▶ _LISTED ENTRIES_:
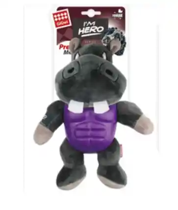 El Gigwi I'm Hero Hippo es un juguete interactivo para perros que combina la suavidad de un peluche con la resistencia de una armadura. Su diseño de hipopótamo cuenta con una coraza de caucho termoplástico (TPR) en el torso para protegerlo de las mordidas y texturas variadas que masajean las encías, mientras que sus extremidades de tela suave son ideales para que tu mascota lo cargue o sacuda. Es un juguete duradero y versátil, perfecto tanto para sesiones de juego intenso como para momentos de descanso y compañía.
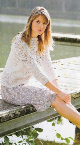 Пуловер реглан с ажурными полосами Размеры: 36/38 (40/42) 44/46 Ван потребуется: 450 (500) 550 г белой пряжи Organico (100% био-хпопка, 90 м/50 г): прямы...
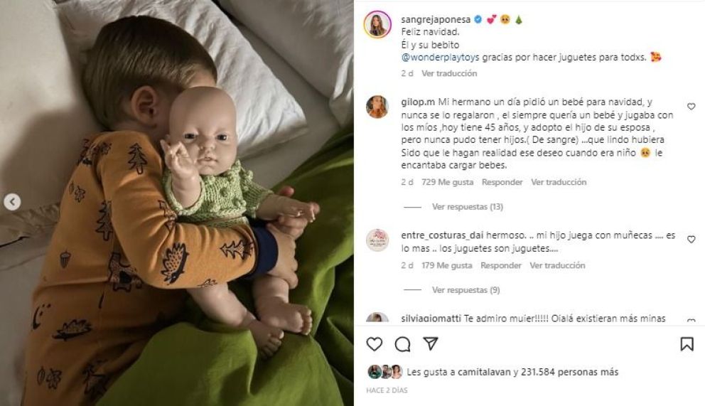 En su cuenta de Instagram, la artista expresó en su posteo: "Feliz Navidad, él y su bebito... Gracias por hacer juguetes para todxs". La artista lo comunicó con lenguaje inclusivo.
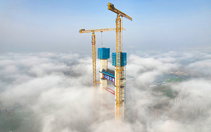 目前,两台K8凯发·国际官方网站超大塔正在进行大桥北主塔第26节施工,主塔以平均每周6米的速度迅速“节节长高”,高度已达144.5米,高效的施工效率赢得客户高度称赞。
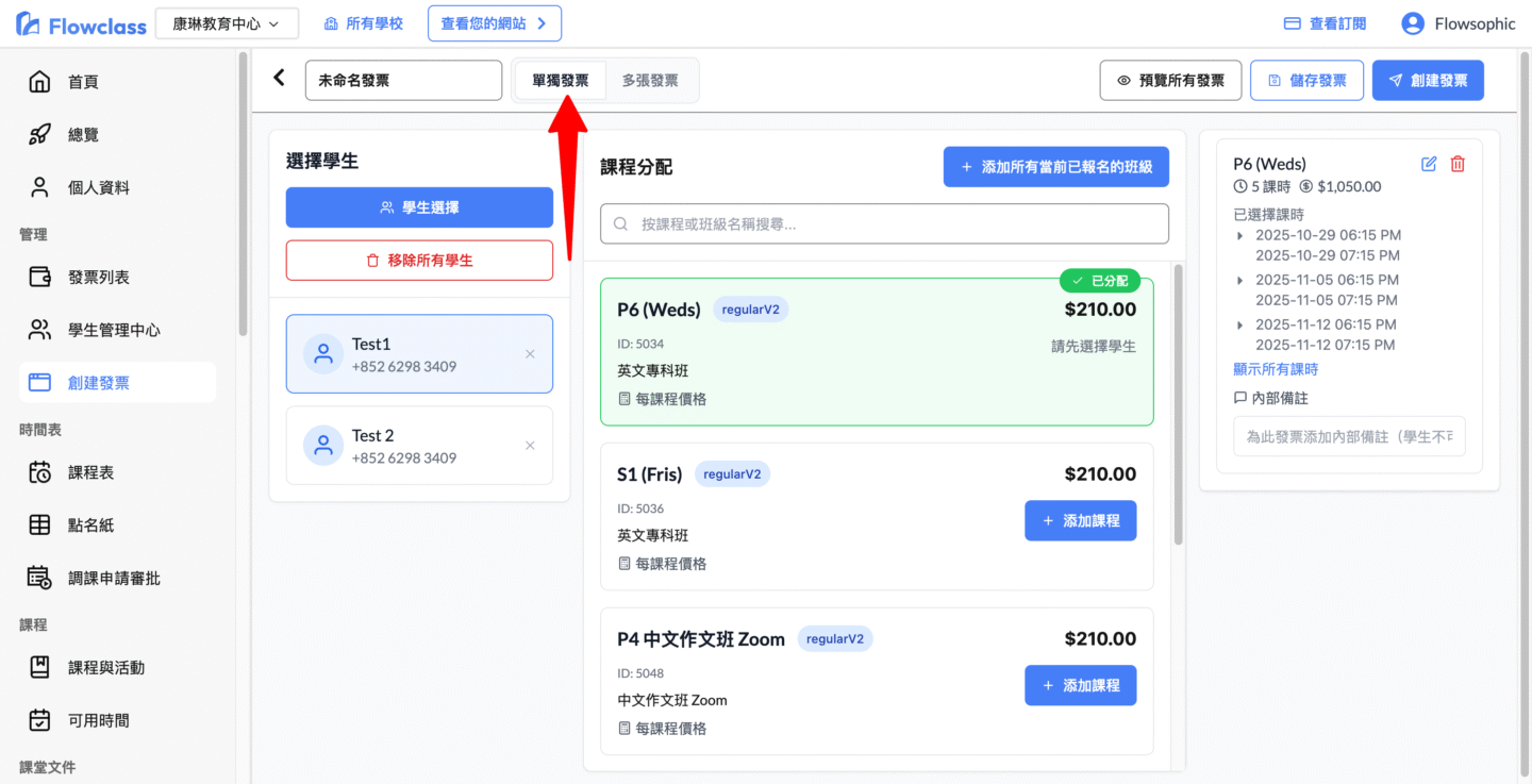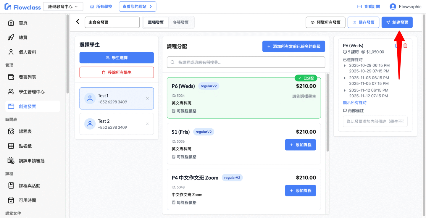 - 點擊 「+ 添加課程」 將該班別加進發票中。
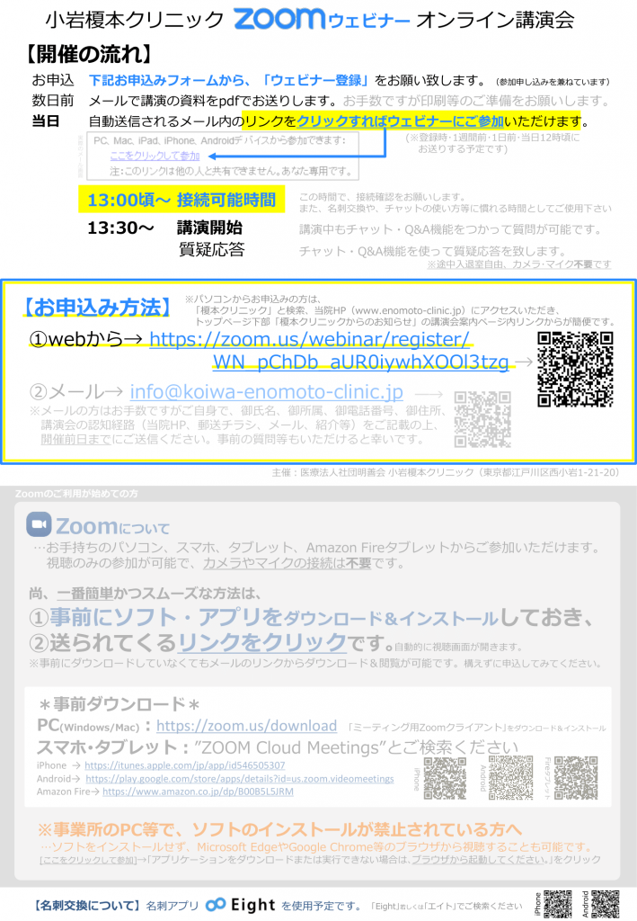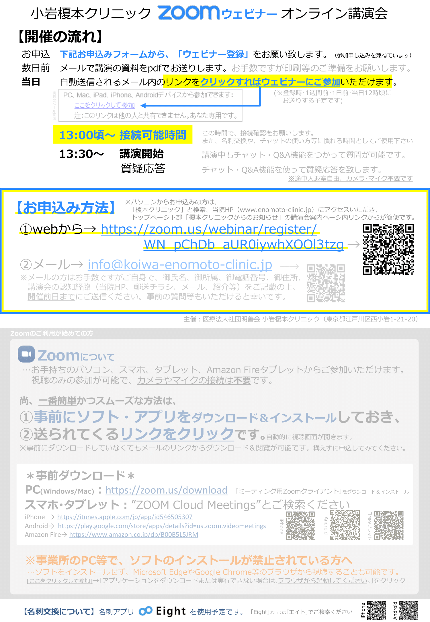 ・ウェビナーについて:03-5276-0601(飯田橋榎本クリニック 林)
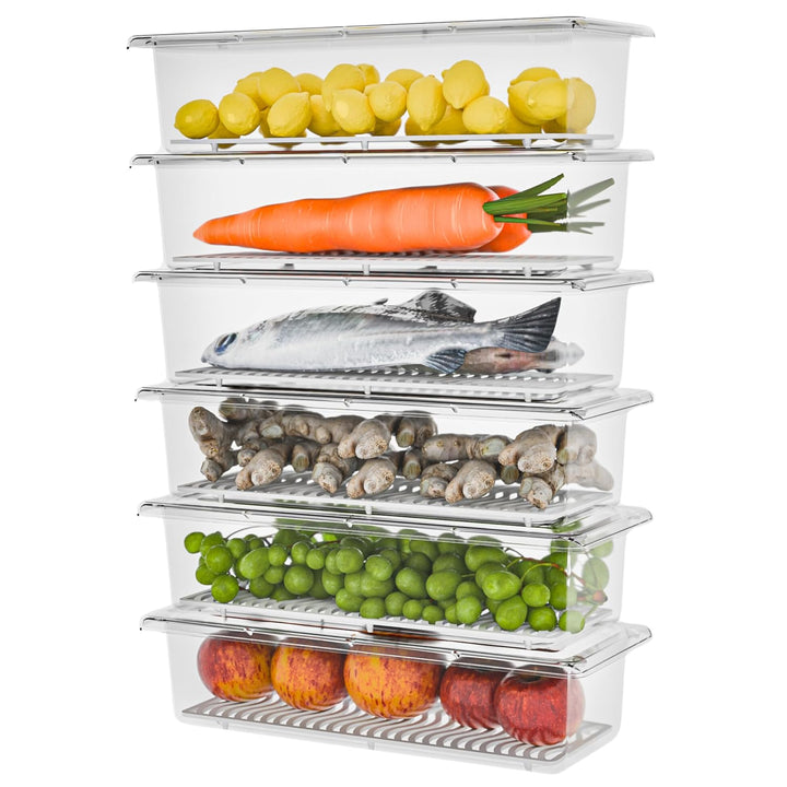- MULTIPURPOSE USE: Fridge storage boxes can be used for storing vegetables fruits meat fish left over food etc. Or can be used to store dry ingredients in the kitchen in the storing racks. Fridge organizer lid prevent from various odor in the refrigerator.
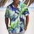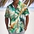 Herr Skjorta linneskjorta Strandskjorta Grafiska tryck Utomhus Semester Gul Rubinrött Blå Grön Kortärmad Hög krage Sommar Vår Kläder Mönster

▶ _TASK GOAL_: Print all the lines above exactly as they are, but without the pictures.

▶ _SOLUTION_:
 El Gigwi I'm Hero Hippo es un juguete interactivo para perros que combina la suavidad de un peluche con la resistencia de una armadura. Su diseño de hipopótamo cuenta con una coraza de caucho termoplástico (TPR) en el torso para protegerlo de las mordidas y texturas variadas que masajean las encías, mientras que sus extremidades de tela suave son ideales para que tu mascota lo cargue o sacuda. Es un juguete duradero y versátil, perfecto tanto para sesiones de juego intenso como para momentos de descanso y compañía.
 Пуловер реглан с ажурными полосами Размеры: 36/38 (40/42) 44/46 Ван потребуется: 450 (500) 550 г белой пряжи Organico (100% био-хпопка, 90 м/50 г): прямы...
 En su cuenta de Instagram, la artista expresó en su posteo: "Feliz Navidad, él y su bebito... Gracias por hacer juguetes para todxs". La artista lo comunicó con lenguaje inclusivo.
 目前,两台K8凯发·国际官方网站超大塔正在进行大桥北主塔第26节施工,主塔以平均每周6米的速度迅速“节节长高”,高度已达144.5米,高效的施工效率赢得客户高度称赞。
 - 點擊 「+ 添加課程」 將該班別加進發票中。
 ・ウェビナーについて:03-5276-0601(飯田橋榎本クリニック 林)
- MULTIPURPOSE USE: Fridge storage boxes can be used for storing vegetables fruits meat fish left over food etc. Or can be used to store dry ingredients in the kitchen in the storing racks. Fridge organizer lid prevent from various odor in the refrigerator.
 Herr Skjorta linneskjorta Strandskjorta Grafiska tryck Utomhus Semester Gul Rubinrött Blå Grön Kortärmad Hög krage Sommar Vår Kläder Mönster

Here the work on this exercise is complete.